## WHAT TO WORK ON
Reproduce each line of the following material exactly, omitting the images.

## COLLECTED DATA
============================================================

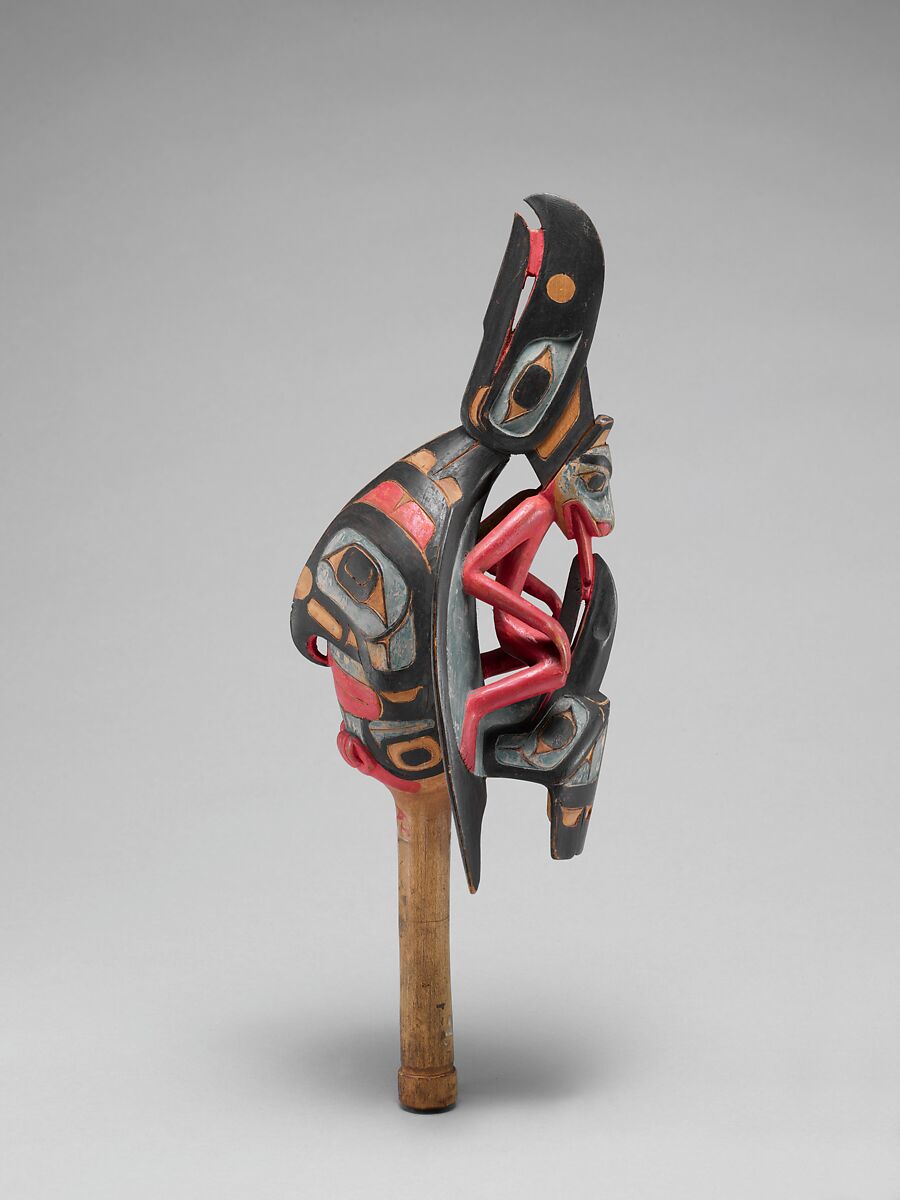 Most often associated with shamanic practices on the Northwest Coast, raven rattles are held oriented with the bird's beak pointing down when used in dance. Additionally, rattles like this are used to channel a shaman's spirit guide and can be used in healing ceremonies. Much of the symbolism associated with this rattle comments on the transmission of power from one figure to the next—the raven to humankind in general (as oral tradition states) and the kingfisher to the prone figure on the raven's back. The prone figure is personified with a face of a wolf, perhaps another guide of the owner of this rattle. Rattles are considered extremely personal objects and bear specific symbolism and power known only by those who understand their meaning. As symbols of power, rattles are also kept by clan leaders. Carved in two pieces and assembled using wooden pins to secure the halves, a rattle usually contains small stones or seeds. Polychrome adornment exhibits the pale blue pigmentation common during the late nineteenth century. It is common for raven rattles to be further adorned with feathers, fur, and beads, particularly along the seam of the two halves and at the handle base.
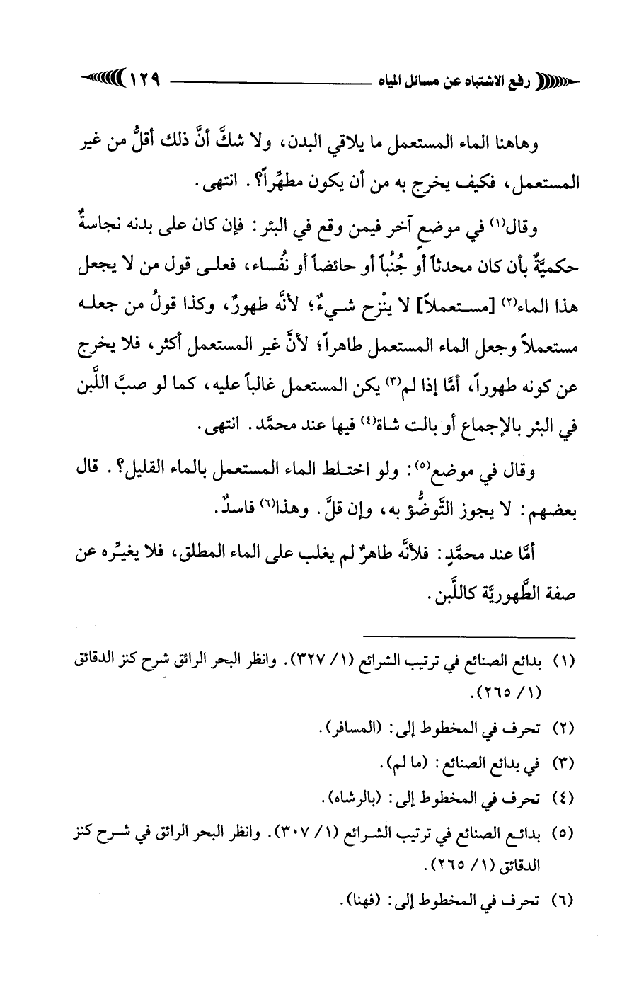 (¬5) بدائع الصنائع في ترتيب الشرائع (1/ 307). وانظر البحر الرائق في شرح كنز الدقائق (1/ 265).
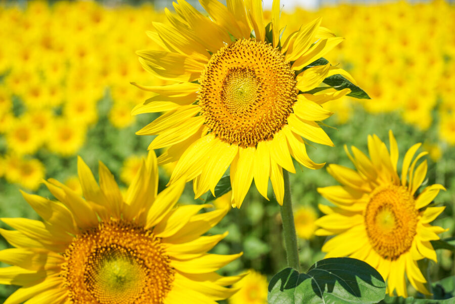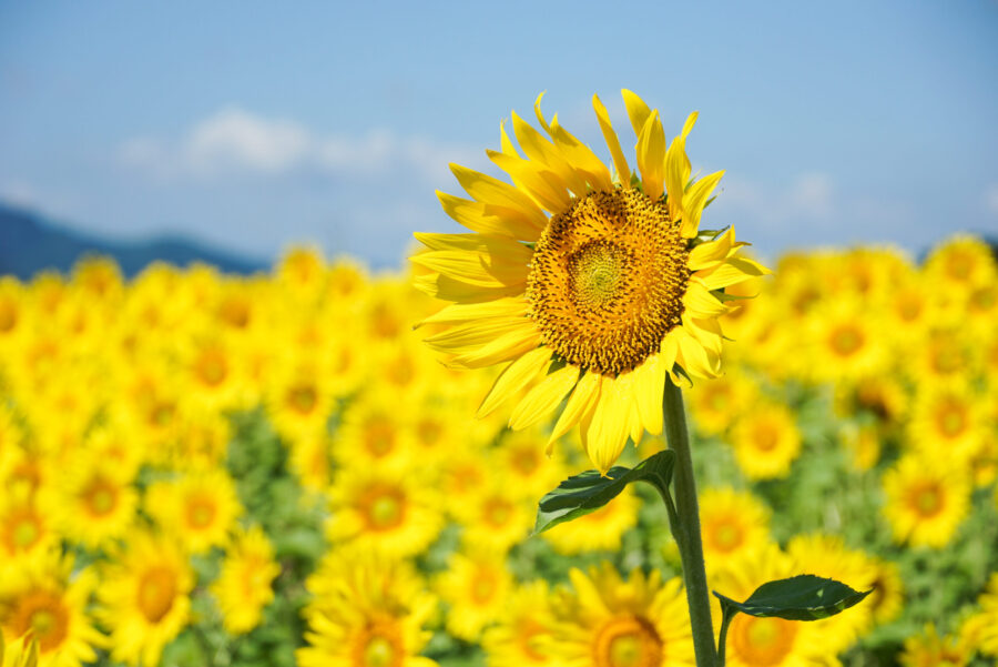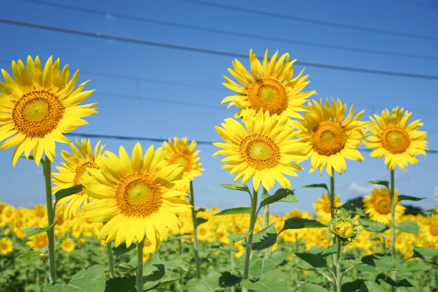 伯耆町内のJR伯備線沿いにあるひまわり畑。

============================================================

## SOLUTION TO THE EXERCISE
 Most often associated with shamanic practices on the Northwest Coast, raven rattles are held oriented with the bird's beak pointing down when used in dance. Additionally, rattles like this are used to channel a shaman's spirit guide and can be used in healing ceremonies. Much of the symbolism associated with this rattle comments on the transmission of power from one figure to the next—the raven to humankind in general (as oral tradition states) and the kingfisher to the prone figure on the raven's back. The prone figure is personified with a face of a wolf, perhaps another guide of the owner of this rattle. Rattles are considered extremely personal objects and bear specific symbolism and power known only by those who understand their meaning. As symbols of power, rattles are also kept by clan leaders. Carved in two pieces and assembled using wooden pins to secure the halves, a rattle usually contains small stones or seeds. Polychrome adornment exhibits the pale blue pigmentation common during the late nineteenth century. It is common for raven rattles to be further adorned with feathers, fur, and beads, particularly along the seam of the two halves and at the handle base.
 (¬5) بدائع الصنائع في ترتيب الشرائع (1/ 307). وانظر البحر الرائق في شرح كنز الدقائق (1/ 265).
 伯耆町内のJR伯備線沿いにあるひまわり畑。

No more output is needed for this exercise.